Extracted records:
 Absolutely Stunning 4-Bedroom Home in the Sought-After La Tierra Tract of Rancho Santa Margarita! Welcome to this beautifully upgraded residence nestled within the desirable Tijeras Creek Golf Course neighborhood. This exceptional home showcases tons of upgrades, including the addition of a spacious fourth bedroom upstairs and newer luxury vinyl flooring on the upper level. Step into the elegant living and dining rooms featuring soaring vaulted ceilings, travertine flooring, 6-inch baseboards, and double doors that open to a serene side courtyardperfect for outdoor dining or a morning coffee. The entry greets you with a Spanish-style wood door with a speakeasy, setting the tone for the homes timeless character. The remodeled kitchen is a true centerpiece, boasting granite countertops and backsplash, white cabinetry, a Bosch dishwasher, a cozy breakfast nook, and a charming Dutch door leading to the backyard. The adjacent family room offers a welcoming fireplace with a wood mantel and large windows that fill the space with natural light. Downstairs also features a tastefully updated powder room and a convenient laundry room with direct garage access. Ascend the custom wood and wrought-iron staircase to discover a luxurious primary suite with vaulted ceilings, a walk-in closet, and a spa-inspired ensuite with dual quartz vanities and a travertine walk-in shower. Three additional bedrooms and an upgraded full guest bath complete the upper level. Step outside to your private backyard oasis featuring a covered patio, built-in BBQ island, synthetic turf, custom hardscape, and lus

...

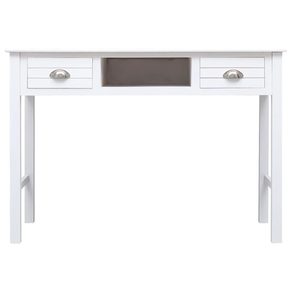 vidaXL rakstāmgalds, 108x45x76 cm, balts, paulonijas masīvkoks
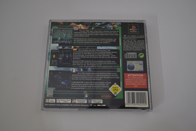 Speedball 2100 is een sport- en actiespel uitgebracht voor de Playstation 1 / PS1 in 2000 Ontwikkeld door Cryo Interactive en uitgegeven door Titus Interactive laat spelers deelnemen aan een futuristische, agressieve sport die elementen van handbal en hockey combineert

What is expected: Take the material above from the line bearing "vidaXL rakstāmgalds, 108x45x76" through the line bearing "Speedball 2100 is" and write it out exactly, both end lines included. Pictures stay out.

Task result:
 vidaXL rakstāmgalds, 108x45x76 cm, balts, paulonijas masīvkoks
 Speedball 2100 is een sport- en actiespel uitgebracht voor de Playstation 1 / PS1 in 2000 Ontwikkeld door Cryo Interactive en uitgegeven door Titus Interactive laat spelers deelnemen aan een futuristische, agressieve sport die elementen van handbal en hockey combineert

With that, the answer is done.